Return only the lines from the start of the records through the line that contains "handmade fired clay tableware at the fair", inclusive; leave out all pictures.

# Exercise data
- - -
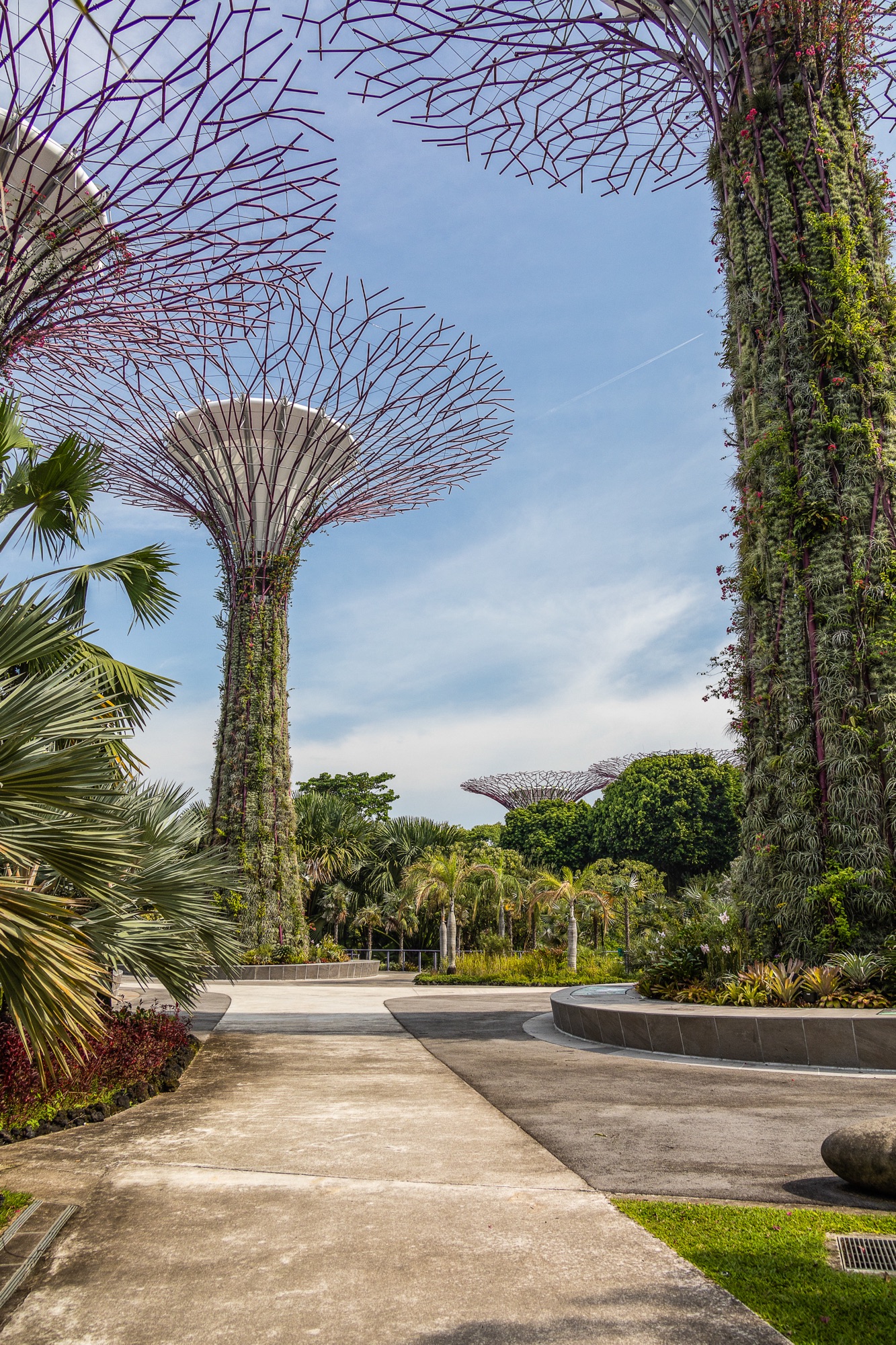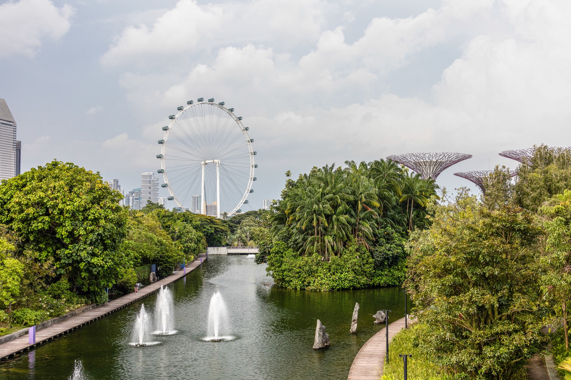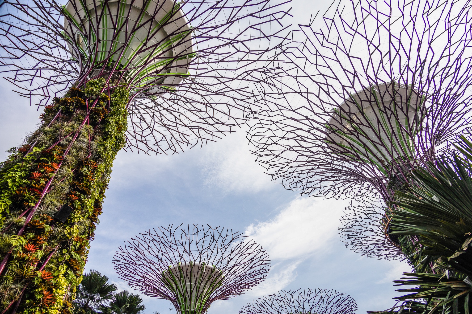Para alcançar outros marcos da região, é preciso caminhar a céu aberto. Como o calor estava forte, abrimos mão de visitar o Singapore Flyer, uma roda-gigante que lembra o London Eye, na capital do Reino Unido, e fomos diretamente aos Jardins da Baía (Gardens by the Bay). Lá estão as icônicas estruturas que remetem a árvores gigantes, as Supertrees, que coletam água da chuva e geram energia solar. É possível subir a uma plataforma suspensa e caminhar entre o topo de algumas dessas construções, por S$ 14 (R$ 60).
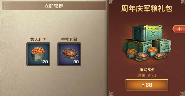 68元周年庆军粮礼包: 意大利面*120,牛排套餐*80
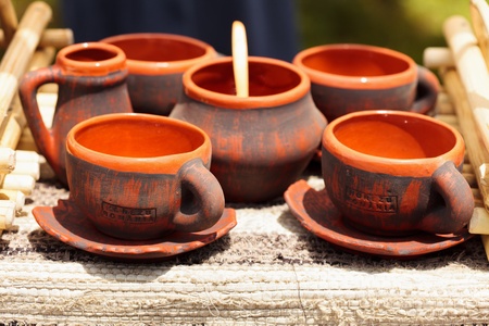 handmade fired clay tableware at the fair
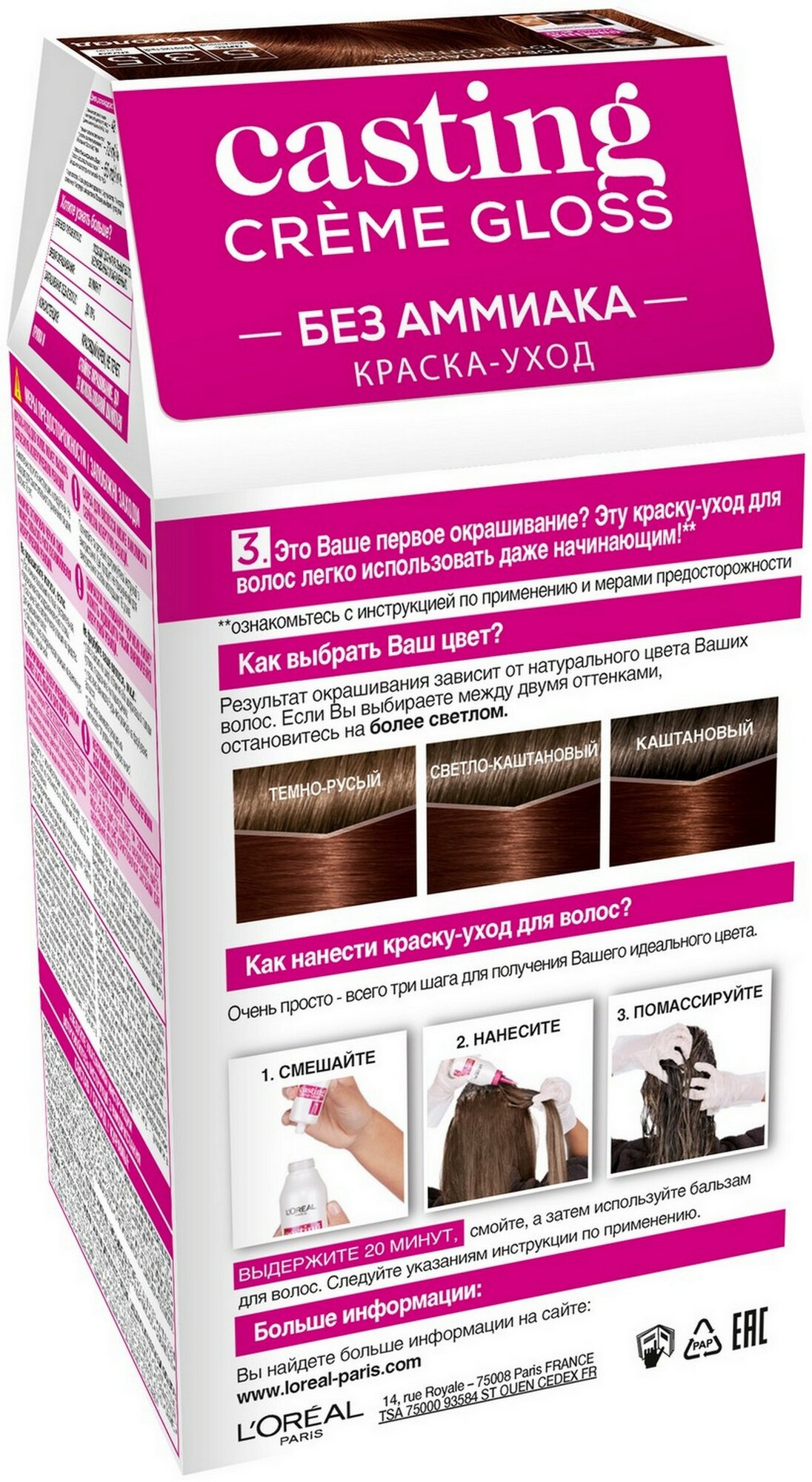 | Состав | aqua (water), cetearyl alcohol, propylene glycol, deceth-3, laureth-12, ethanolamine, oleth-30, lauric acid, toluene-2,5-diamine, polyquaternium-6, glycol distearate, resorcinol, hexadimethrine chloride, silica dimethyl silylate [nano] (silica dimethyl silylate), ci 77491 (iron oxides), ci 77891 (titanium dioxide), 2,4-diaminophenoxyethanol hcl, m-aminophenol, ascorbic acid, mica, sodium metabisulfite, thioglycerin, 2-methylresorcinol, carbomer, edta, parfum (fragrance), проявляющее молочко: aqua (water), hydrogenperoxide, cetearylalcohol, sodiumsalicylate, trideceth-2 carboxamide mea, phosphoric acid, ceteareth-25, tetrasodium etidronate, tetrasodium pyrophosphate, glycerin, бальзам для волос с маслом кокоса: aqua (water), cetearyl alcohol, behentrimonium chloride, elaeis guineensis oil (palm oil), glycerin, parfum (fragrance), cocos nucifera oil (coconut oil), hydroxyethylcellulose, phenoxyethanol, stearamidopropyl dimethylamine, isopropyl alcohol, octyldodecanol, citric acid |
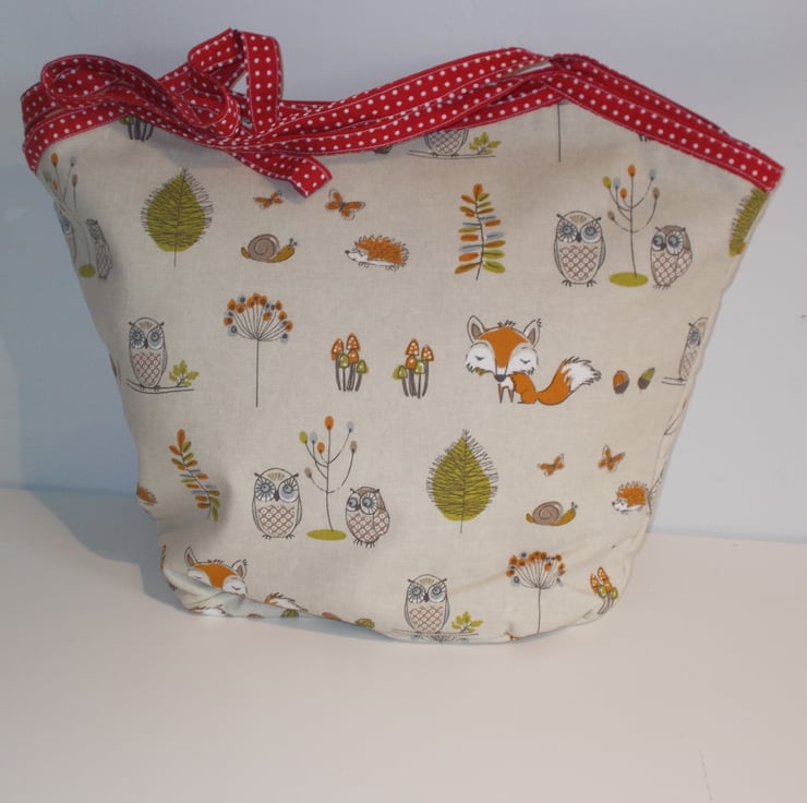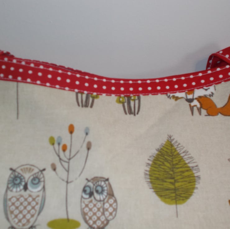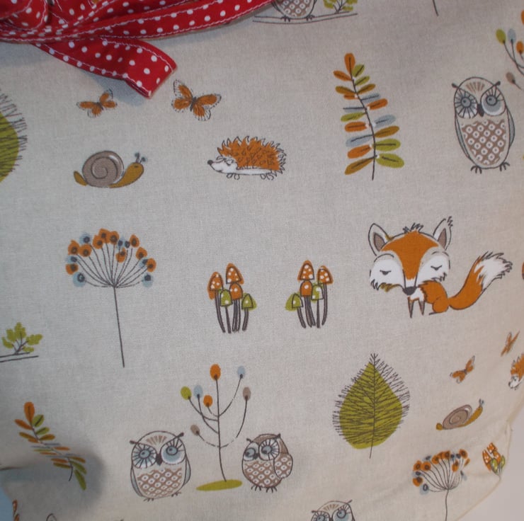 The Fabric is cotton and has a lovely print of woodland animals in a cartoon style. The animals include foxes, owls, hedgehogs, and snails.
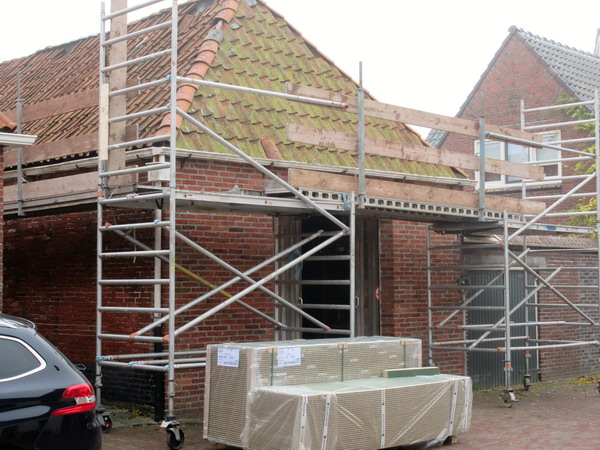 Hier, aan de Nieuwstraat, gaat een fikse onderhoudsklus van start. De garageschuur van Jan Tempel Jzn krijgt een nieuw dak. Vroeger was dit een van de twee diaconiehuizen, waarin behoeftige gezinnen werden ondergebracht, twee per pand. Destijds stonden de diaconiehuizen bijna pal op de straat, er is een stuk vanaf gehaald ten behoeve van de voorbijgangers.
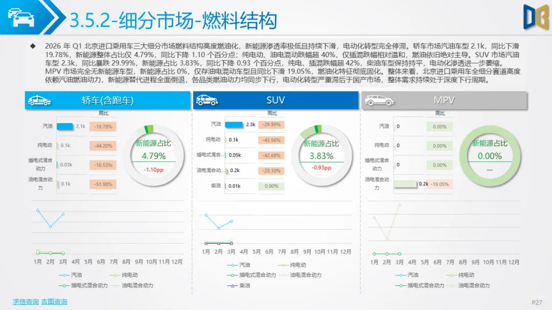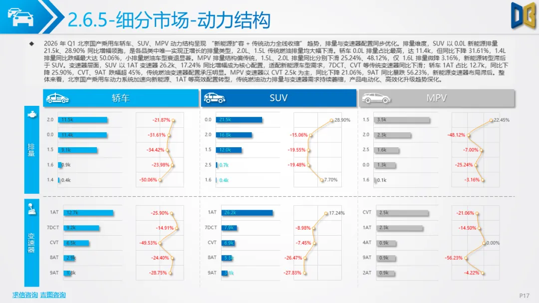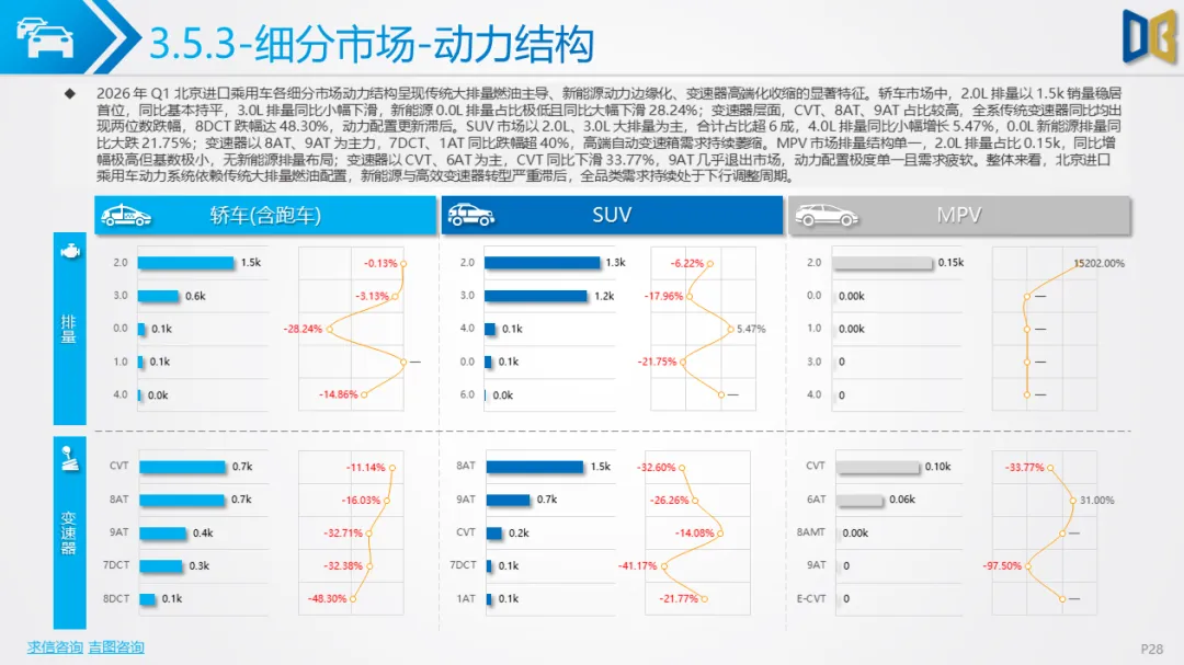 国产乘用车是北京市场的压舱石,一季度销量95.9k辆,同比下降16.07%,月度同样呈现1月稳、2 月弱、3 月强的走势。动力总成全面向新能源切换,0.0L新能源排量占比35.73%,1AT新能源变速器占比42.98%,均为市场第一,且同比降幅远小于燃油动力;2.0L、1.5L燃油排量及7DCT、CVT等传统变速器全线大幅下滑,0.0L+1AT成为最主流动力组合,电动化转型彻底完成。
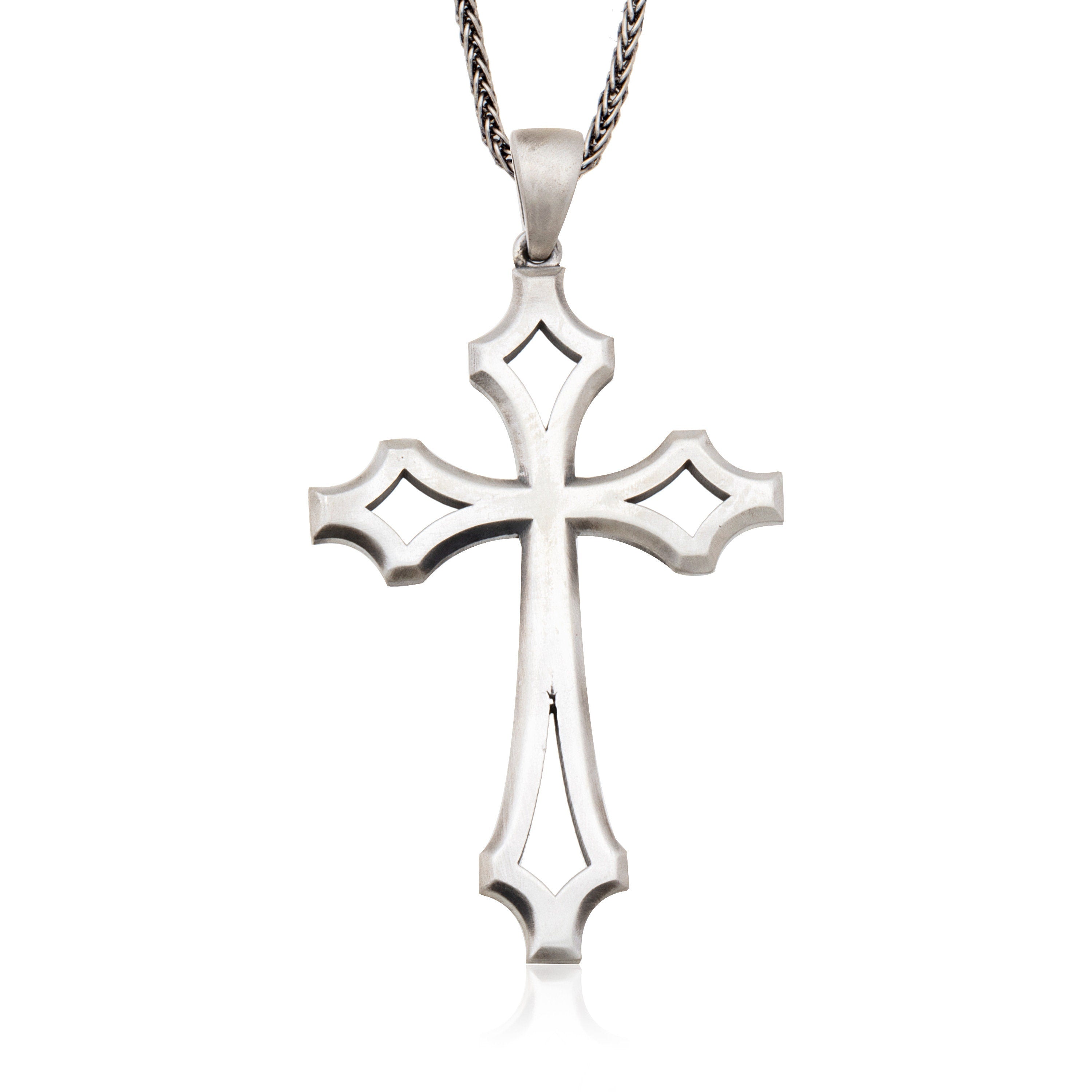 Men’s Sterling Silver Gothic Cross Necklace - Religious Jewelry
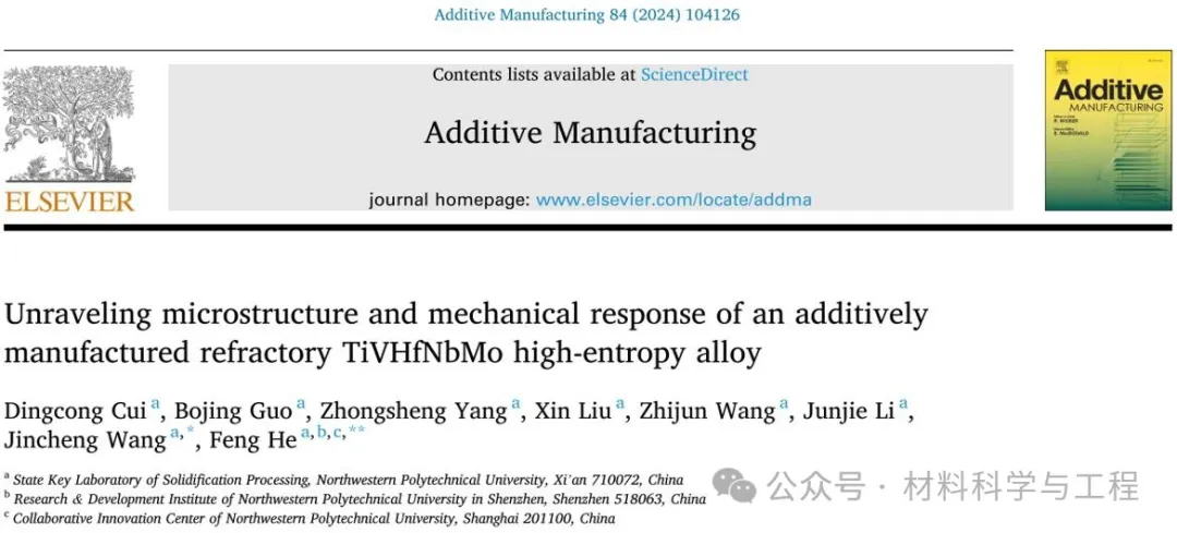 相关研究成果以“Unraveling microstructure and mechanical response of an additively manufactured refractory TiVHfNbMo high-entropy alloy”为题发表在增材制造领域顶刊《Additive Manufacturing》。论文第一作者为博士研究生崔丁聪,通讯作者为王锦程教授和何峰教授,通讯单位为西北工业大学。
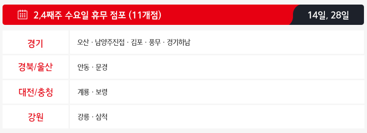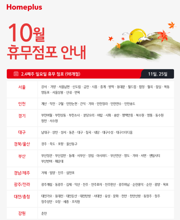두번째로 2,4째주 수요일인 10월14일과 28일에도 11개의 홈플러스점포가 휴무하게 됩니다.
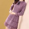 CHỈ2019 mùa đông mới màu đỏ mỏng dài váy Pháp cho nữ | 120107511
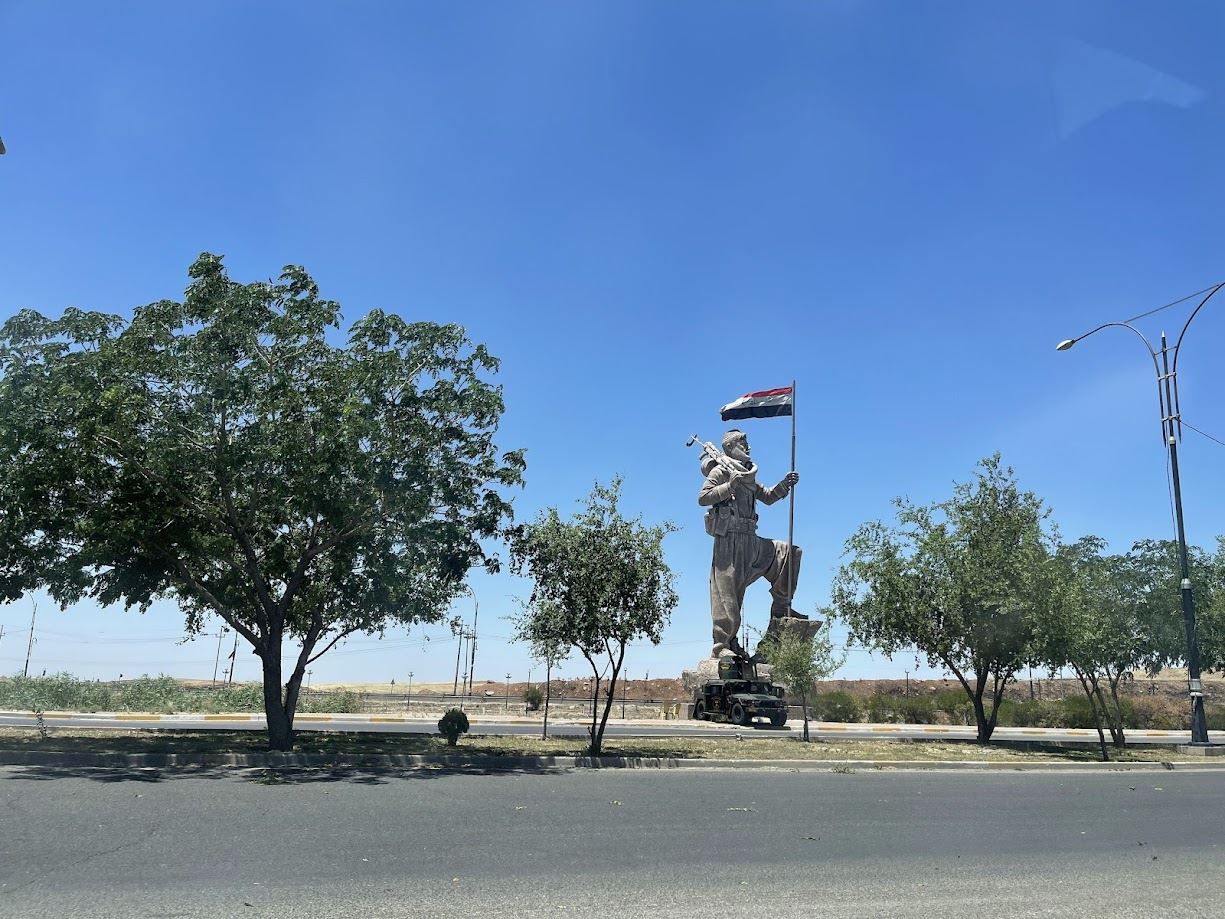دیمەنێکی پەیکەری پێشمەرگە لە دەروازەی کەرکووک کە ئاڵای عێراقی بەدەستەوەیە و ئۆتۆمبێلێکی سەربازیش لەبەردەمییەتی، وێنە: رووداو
- - -
# Reply
Para alcançar outros marcos da região, é preciso caminhar a céu aberto. Como o calor estava forte, abrimos mão de visitar o Singapore Flyer, uma roda-gigante que lembra o London Eye, na capital do Reino Unido, e fomos diretamente aos Jardins da Baía (Gardens by the Bay). Lá estão as icônicas estruturas que remetem a árvores gigantes, as Supertrees, que coletam água da chuva e geram energia solar. É possível subir a uma plataforma suspensa e caminhar entre o topo de algumas dessas construções, por S$ 14 (R$ 60).
 68元周年庆军粮礼包: 意大利面*120,牛排套餐*80
 handmade fired clay tableware at the fair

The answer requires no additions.